START DATA IN THIS EXERCISE
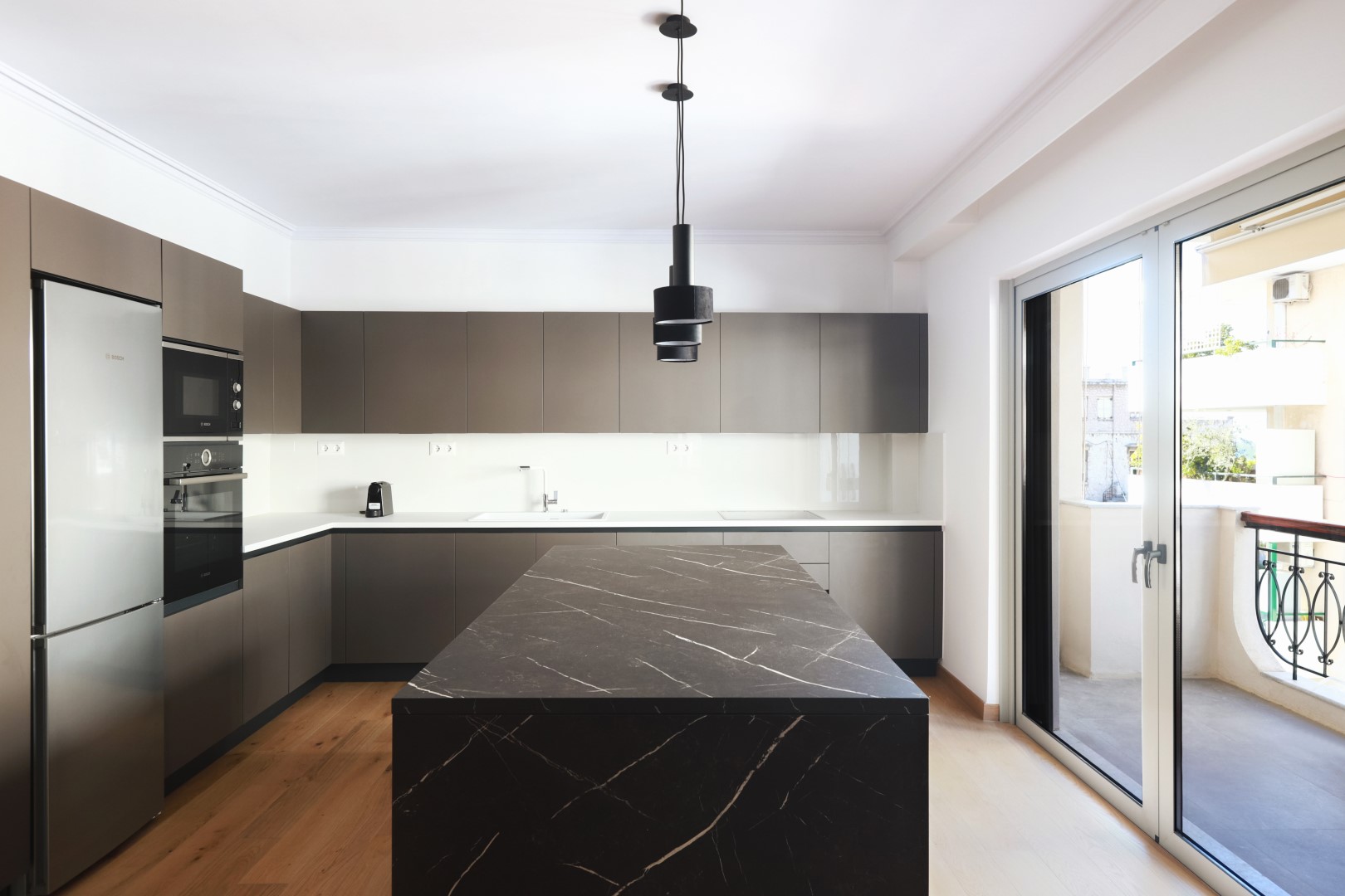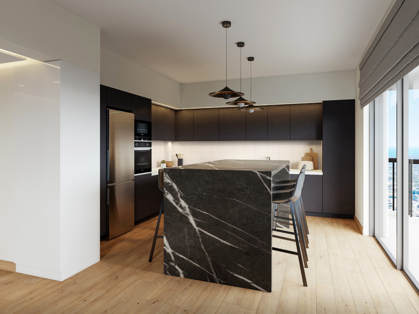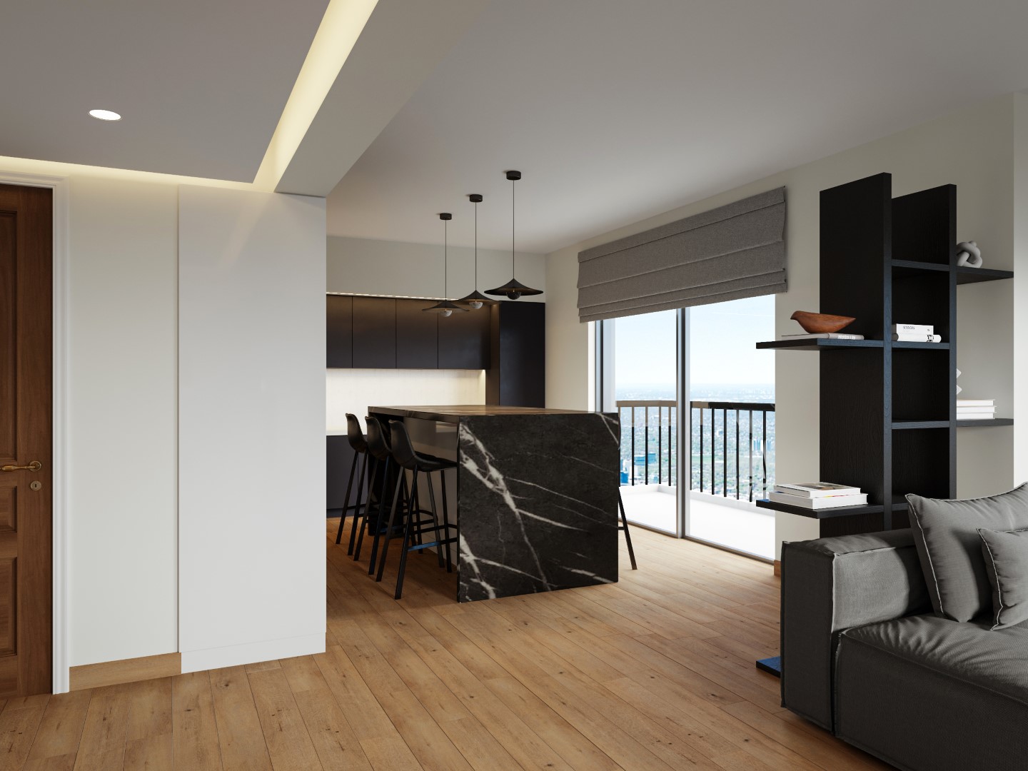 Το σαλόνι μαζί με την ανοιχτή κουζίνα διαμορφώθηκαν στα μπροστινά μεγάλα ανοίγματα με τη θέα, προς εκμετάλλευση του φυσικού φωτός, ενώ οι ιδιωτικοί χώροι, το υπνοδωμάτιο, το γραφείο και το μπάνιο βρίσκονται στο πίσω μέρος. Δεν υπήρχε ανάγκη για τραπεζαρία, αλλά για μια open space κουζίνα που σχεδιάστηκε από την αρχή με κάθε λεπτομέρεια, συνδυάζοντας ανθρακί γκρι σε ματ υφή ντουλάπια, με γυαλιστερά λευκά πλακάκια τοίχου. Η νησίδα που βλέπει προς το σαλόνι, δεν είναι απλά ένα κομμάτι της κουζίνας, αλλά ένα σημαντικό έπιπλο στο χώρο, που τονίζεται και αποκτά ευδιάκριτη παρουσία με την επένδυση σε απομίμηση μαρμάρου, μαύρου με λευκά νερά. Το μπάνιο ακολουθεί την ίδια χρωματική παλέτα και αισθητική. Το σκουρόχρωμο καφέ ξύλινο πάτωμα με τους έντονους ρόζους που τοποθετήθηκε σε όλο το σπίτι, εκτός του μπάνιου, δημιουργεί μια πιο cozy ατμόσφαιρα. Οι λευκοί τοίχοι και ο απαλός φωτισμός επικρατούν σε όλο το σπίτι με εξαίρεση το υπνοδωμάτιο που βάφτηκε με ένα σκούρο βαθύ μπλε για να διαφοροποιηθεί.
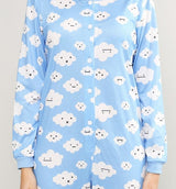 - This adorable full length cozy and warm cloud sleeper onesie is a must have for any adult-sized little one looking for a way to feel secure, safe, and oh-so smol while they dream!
END DATA IN THIS EXERCISE
START DATA IN THIS EXERCISE
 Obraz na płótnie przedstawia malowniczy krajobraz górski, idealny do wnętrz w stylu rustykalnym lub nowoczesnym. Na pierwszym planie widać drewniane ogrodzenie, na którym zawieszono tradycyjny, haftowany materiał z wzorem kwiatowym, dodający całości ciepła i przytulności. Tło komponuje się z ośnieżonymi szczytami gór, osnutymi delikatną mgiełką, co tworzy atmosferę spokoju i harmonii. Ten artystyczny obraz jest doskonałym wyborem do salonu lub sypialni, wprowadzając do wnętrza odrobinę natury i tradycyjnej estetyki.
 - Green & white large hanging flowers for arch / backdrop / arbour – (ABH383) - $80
END DATA IN THIS EXERCISE
▶ **WORK INSTRUCTION**
Transcribe, word for word, the stretch of lines in the data above from the one with "Το σαλόνι μαζί" through the one with "- This adorable"; omit all pictures.

▶ **TASK SOLUTION**
 Το σαλόνι μαζί με την ανοιχτή κουζίνα διαμορφώθηκαν στα μπροστινά μεγάλα ανοίγματα με τη θέα, προς εκμετάλλευση του φυσικού φωτός, ενώ οι ιδιωτικοί χώροι, το υπνοδωμάτιο, το γραφείο και το μπάνιο βρίσκονται στο πίσω μέρος. Δεν υπήρχε ανάγκη για τραπεζαρία, αλλά για μια open space κουζίνα που σχεδιάστηκε από την αρχή με κάθε λεπτομέρεια, συνδυάζοντας ανθρακί γκρι σε ματ υφή ντουλάπια, με γυαλιστερά λευκά πλακάκια τοίχου. Η νησίδα που βλέπει προς το σαλόνι, δεν είναι απλά ένα κομμάτι της κουζίνας, αλλά ένα σημαντικό έπιπλο στο χώρο, που τονίζεται και αποκτά ευδιάκριτη παρουσία με την επένδυση σε απομίμηση μαρμάρου, μαύρου με λευκά νερά. Το μπάνιο ακολουθεί την ίδια χρωματική παλέτα και αισθητική. Το σκουρόχρωμο καφέ ξύλινο πάτωμα με τους έντονους ρόζους που τοποθετήθηκε σε όλο το σπίτι, εκτός του μπάνιου, δημιουργεί μια πιο cozy ατμόσφαιρα. Οι λευκοί τοίχοι και ο απαλός φωτισμός επικρατούν σε όλο το σπίτι με εξαίρεση το υπνοδωμάτιο που βάφτηκε με ένα σκούρο βαθύ μπλε για να διαφοροποιηθεί.
 - This adorable full length cozy and warm cloud sleeper onesie is a must have for any adult-sized little one looking for a way to feel secure, safe, and oh-so smol while they dream!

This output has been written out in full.